The Silverado Fire was a wildfire that burned in October and November 2020 in southern Orange County, California northeast of Irvine. The fire started on October 26 around 6:47 AM near Orange County Route S-18 (Santiago Canyon Road) and Silverado Canyon Road, fueled by strong Santa Ana winds gusting up to  and low humidity. Orange County Fire Authority Chief Brian Fennessy stated, "The winds were extraordinary even by Santa Ana standards. Fire spread is exceeding more than anything I've seen in my 44 years." The fire initially moved south from Loma Ridge toward the Orchard Hills, Northwood and Portola Springs communities of Irvine before moving southeast through Limestone Canyon and toward the communities of Foothill Ranch and Lake Forest. The fire burned in a path similar to that taken by the 2007 Santiago Fire, mostly through terrain that had not seen significant burning in the 13 years since that fire. 100% containment was announced on November 7, 2020.

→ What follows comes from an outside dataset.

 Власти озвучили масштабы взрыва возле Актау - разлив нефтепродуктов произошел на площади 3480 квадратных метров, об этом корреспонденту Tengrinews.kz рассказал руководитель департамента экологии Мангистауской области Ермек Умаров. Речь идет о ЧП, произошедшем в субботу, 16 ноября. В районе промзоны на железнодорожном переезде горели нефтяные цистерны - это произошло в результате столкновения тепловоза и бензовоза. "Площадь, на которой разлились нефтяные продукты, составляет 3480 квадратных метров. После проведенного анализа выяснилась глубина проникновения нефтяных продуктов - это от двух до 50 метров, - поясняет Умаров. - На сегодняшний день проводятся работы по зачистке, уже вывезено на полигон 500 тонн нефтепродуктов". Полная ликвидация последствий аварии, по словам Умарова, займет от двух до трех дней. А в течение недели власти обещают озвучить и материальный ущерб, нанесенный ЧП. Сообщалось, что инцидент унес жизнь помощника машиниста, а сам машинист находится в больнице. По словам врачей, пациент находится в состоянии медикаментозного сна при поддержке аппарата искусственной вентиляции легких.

The cause of the fire remains under investigation. Southern California Edison officials stated in a letter to the California Public Utilities Commission that they suspect a "lashing wire" in one of their telecommunication lines may have caused the fire.

Timeline
Mandatory evacuation orders were issued by the Orange County Fire Authority and CalFire for approximately 90,000 residents and schools in the area. The fire also caused California State Route 241 to temporarily shut down.

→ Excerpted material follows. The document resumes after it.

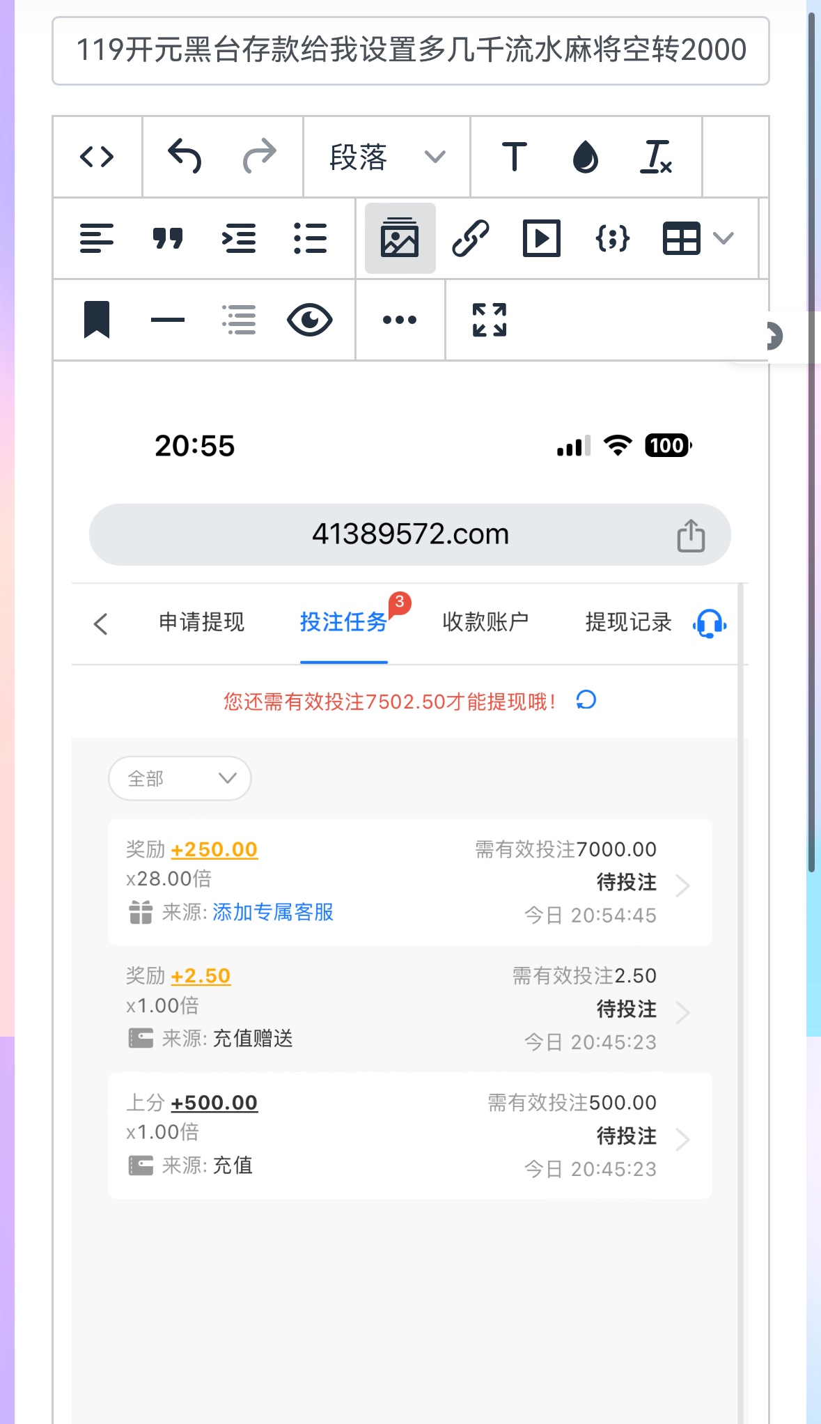 论坛担保说活动6倍流水 一存款设置了28倍流水

Although there were no civilian casualties, two Orange County firefighters, 26 year old Dylan Van Iwaarden and 31 year old Phi Le, were severely burned battling the wildfire, receiving second and third degree burns over half their bodies and hospitalized in critical condition. Van Iwaarden had burns on 65% of his body and Le had burns on 50% of his body. The firefighters were reportedly trapped by flames in what may have been a failed backburning attempt. Six other firefighters in the same crew reported singes to their hair and eyebrows. A socially distant blood drive was held in Santa Ana to help the firefighters, and over $215,000 was raised in two days via online crowdsourcing to aid with medical expenses.

On November 7, firefighters reached 100% containment of the fire. 

On February 17, 2021, firefighter Dylan Van Iwaarden was released from the Orange County Global Medical Center in Santa Ana after spending 114 days there, undergoing a medically induced coma and 17 surgeries.

Impact
The fire consumed 13,390 acres, destroying one structure and two minor structures, and damaging five others. The burn scar of the fire aided in the stoppage of the Bond Fire, another wildfire that took place in the area only a month later.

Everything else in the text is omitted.